> TASK DIRECTIONS
Every line from the one with "TE Part #5-1971875-3" up to and including the one with "At the time" is to be output exactly as it appears below; pictures are not.

[RECORDS FOR THE EXERCISE Boundary: Start]

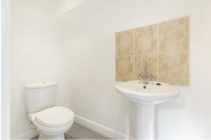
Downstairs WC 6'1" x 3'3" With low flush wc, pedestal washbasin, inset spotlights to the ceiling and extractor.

[RECORDS FOR THE EXERCISE Boundary: End]
[RECORDS FOR THE EXERCISE Boundary: Start]

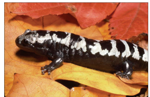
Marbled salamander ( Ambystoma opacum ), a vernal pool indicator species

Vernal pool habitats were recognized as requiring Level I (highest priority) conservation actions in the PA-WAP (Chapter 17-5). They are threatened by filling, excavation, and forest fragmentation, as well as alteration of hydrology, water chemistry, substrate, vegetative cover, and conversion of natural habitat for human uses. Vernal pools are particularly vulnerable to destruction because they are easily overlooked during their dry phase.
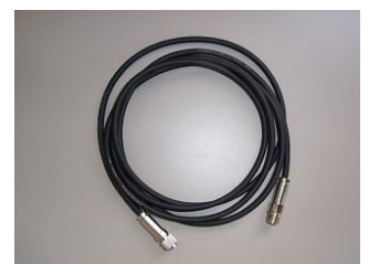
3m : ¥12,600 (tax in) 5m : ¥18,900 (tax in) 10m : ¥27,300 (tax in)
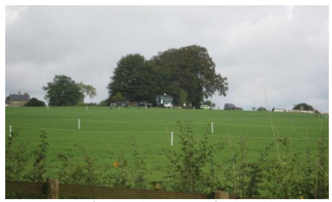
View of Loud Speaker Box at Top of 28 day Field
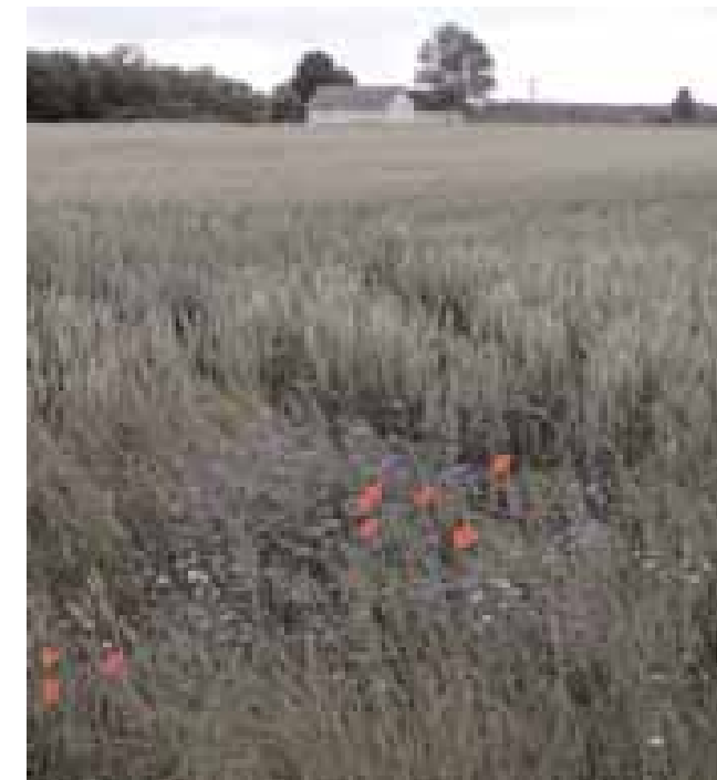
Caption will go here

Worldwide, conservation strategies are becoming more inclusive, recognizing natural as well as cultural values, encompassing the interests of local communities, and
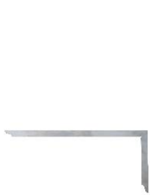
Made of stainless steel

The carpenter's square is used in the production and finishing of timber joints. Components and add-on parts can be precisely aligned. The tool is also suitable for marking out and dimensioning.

[RECORDS FOR THE EXERCISE Boundary: End]
[RECORDS FOR THE EXERCISE Boundary: Start]

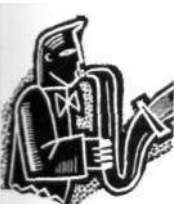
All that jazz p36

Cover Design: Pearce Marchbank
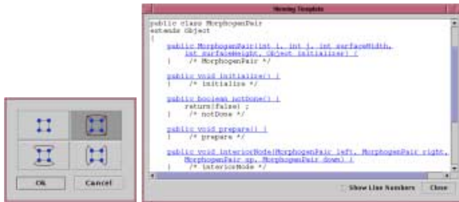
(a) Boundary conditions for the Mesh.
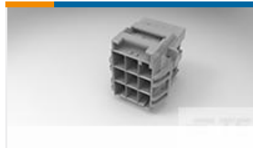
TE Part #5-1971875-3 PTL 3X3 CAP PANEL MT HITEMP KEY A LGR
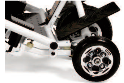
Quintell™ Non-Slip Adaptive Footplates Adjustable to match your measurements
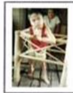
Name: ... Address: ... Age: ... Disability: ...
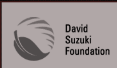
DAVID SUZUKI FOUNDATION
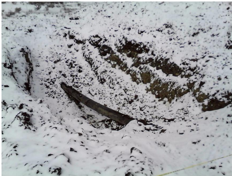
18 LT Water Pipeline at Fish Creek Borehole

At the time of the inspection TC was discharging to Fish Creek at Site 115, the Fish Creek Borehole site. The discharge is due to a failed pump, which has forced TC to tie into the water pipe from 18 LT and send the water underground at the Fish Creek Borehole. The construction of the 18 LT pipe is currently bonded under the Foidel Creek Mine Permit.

[RECORDS FOR THE EXERCISE Boundary: End]

> FINISHED EXERCISE
TE Part #5-1971875-3 PTL 3X3 CAP PANEL MT HITEMP KEY A LGR
Quintell™ Non-Slip Adaptive Footplates Adjustable to match your measurements
Name: ... Address: ... Age: ... Disability: ...
DAVID SUZUKI FOUNDATION
18 LT Water Pipeline at Fish Creek Borehole

At the time of the inspection TC was discharging to Fish Creek at Site 115, the Fish Creek Borehole site. The discharge is due to a failed pump, which has forced TC to tie into the water pipe from 18 LT and send the water underground at the Fish Creek Borehole. The construction of the 18 LT pipe is currently bonded under the Foidel Creek Mine Permit.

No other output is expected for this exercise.